Consolidating profiles from different runs¶
To aggregate profiling data from different runs, save the following as
concat.py
:
"""Usage: concat.py PATTERN FILE"""
import sys
from glob import glob
from pstats import Stats
if len(sys.argv) != 3:
print __doc__
sys.exit(1)
files = glob(sys.argv[1])
s = Stats(files[0])
for f in files[1:]: s.add(f)
s.dump_stats(sys.argv[2])
With profiles from different runs named <basename>.*.part
, use it
as
python concat.py '<basename>.*.part' <basename>.dat
and then call gprof2dot
as before.
Using PyOP2’s internal timers¶
PyOP2 automatically times the execution of certain regions:
Sparsity building
Plan construction
Parallel loop kernel execution
Halo exchange
Reductions
PETSc Krylov solver
To output those timings, call summary()
in your
PyOP2 program or run with the environment variable
PYOP2_PRINT_SUMMARY
set to 1.
To query e.g. the timer for parallel loop execution programatically,
use the timing()
helper:
from pyop2 import timing
timing("ParLoop compute") # get total time
timing("ParLoop compute", total=False) # get average time per call
To add additional timers to your own code, you can use the
timed_region()
and
timed_function()
helpers:
from pyop2.profiling import timed_region, timed_function
with timed_region("my code"):
# my code
@timed_function("my function")
def my_func():
# my func
Line-by-line profiling¶
To get a line-by-line profile of a given function, install Robert Kern’s line profiler and:
Import the
profile()
decorator:from pyop2.profiling import profile
Decorate the function to profile with
@profile
Run your script with
kernprof.py -l <script.py>
Generate an annotated source file with
python -m line_profiler <script.py.lprof>
Note that kernprof.py
injects the @profile
decorator into the
Python builtins namespace.

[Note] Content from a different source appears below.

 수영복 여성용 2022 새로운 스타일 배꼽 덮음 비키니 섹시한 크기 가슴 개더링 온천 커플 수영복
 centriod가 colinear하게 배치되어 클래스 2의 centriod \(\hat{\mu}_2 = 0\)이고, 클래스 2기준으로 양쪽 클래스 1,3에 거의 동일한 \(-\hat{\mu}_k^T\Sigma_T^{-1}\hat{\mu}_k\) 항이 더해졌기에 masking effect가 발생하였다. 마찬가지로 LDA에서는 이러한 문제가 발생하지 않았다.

PyOP2 provides a passthrough version of this
decorator which does nothing if profile
is not found in
__builtins__
. This means you can run your script regularly without
having to remove the decorators again.
The profile()
decorator also works with the
memory profiler (see below). PyOP2 therefore provides the
lineprof()
decorator which is only enabled when
running with kernprof.py
.
A number of PyOP2 internal functions are decorated such that running
your PyOP2 application with kernprof.py
will produce a line-by-line
profile of the parallel loop computation (but not the generated code!).
Memory profiling¶
To profile the memory usage of your application, install Fabian Pedregosa’s memory profiler and:
Import the
profile()
decorator:from pyop2.profiling import profile
Decorate the function to profile with
@profile
.Run your script with
python -m memory_profiler <script.py>
to get a line-by-line memory profile of your function.
Run your script with
memprof run --python <script.py>
to record memory usage of your program over time.

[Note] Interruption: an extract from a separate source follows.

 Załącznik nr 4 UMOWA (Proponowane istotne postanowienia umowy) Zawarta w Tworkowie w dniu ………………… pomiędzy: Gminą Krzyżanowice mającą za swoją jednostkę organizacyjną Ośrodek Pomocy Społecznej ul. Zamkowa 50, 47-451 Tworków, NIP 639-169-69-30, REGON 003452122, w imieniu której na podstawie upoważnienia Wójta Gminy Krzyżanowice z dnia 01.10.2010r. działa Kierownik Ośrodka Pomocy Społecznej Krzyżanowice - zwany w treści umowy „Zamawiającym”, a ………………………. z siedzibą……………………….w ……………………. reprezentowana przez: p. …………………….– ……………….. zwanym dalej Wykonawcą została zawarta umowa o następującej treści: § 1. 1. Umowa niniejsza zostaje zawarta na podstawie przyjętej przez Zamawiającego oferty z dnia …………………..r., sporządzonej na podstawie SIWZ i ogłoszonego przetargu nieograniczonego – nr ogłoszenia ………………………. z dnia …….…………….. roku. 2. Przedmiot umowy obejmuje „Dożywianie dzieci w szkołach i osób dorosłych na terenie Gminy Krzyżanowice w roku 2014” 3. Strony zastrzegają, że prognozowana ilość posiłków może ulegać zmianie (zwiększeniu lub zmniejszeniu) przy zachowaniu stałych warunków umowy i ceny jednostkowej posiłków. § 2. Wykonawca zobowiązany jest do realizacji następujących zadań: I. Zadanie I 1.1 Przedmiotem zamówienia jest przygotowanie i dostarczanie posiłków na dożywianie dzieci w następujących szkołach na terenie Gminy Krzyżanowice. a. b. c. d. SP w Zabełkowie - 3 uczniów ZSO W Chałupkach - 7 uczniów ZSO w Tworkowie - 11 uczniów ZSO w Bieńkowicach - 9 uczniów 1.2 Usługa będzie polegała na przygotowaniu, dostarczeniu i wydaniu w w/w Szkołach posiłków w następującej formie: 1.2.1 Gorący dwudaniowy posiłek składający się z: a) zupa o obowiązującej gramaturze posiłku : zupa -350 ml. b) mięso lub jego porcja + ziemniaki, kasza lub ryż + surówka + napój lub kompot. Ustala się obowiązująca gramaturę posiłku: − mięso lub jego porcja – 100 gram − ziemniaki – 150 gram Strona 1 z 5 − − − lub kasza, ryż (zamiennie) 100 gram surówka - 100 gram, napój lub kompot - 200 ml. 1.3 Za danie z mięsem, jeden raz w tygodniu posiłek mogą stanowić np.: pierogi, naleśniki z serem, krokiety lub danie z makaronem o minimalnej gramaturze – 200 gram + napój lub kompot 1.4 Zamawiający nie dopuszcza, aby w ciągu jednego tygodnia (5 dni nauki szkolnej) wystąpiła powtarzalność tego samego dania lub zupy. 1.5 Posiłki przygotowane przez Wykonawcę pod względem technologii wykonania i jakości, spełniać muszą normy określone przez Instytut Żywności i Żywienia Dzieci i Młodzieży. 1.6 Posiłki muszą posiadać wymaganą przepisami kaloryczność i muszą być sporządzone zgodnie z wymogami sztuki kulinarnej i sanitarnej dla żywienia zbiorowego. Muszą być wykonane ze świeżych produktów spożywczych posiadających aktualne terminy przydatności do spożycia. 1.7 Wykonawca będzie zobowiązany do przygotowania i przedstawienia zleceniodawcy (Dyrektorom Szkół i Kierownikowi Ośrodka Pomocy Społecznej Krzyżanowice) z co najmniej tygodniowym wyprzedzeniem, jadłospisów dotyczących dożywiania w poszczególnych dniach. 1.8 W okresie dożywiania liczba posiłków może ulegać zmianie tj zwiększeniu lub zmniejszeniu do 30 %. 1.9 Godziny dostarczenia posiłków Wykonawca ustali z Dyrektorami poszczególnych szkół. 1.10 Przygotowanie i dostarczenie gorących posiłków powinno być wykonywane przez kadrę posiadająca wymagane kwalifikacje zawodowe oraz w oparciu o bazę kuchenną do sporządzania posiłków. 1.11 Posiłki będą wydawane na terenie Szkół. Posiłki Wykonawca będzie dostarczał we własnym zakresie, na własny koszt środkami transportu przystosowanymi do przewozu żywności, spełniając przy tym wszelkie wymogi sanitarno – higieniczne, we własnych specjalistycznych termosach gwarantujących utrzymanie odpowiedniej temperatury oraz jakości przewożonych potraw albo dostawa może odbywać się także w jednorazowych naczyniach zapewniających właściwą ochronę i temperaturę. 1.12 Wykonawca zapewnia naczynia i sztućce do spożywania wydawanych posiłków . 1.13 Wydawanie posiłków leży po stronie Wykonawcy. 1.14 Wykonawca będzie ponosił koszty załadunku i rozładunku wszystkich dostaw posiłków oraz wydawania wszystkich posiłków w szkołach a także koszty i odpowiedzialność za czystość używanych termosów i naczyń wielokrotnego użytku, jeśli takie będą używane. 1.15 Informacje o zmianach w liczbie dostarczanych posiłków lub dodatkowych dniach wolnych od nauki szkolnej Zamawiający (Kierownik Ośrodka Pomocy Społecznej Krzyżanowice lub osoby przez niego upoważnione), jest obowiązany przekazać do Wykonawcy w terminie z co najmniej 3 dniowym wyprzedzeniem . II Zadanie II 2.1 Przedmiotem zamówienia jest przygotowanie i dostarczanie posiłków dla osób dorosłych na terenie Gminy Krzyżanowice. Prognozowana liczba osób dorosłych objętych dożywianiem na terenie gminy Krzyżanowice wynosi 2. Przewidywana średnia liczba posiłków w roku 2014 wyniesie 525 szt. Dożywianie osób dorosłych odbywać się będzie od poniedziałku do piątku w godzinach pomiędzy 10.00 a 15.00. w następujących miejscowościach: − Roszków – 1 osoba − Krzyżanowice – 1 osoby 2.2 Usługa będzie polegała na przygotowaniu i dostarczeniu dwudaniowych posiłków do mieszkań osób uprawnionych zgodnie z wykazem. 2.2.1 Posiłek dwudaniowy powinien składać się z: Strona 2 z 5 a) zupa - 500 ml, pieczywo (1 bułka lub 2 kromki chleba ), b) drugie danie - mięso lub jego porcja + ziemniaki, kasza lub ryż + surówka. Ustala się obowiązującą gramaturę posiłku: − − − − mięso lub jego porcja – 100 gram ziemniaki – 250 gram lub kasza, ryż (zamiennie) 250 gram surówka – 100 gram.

Generate a plot of the memory profile with
memprof plot
.
Note that memprof
and python -m memory_profiler
inject the
@profile
decorator into the Python builtins namespace. PyOP2
provides a passthrough version of this decorator which does nothing if
profile
is not found in __builtins__
. This means you can run
your script regularly without having to remove the decorators again.
The profile()
decorator also works with the line
profiler (see below). PyOP2 therefore provides the
memprof()
decorator which is only enabled when
running with memprof
.
A number of PyOP2 internal functions are decorated such that running
your PyOP2 application with memprof run
will produce a memory
profile of the parallel loop computation (but not the generated code!).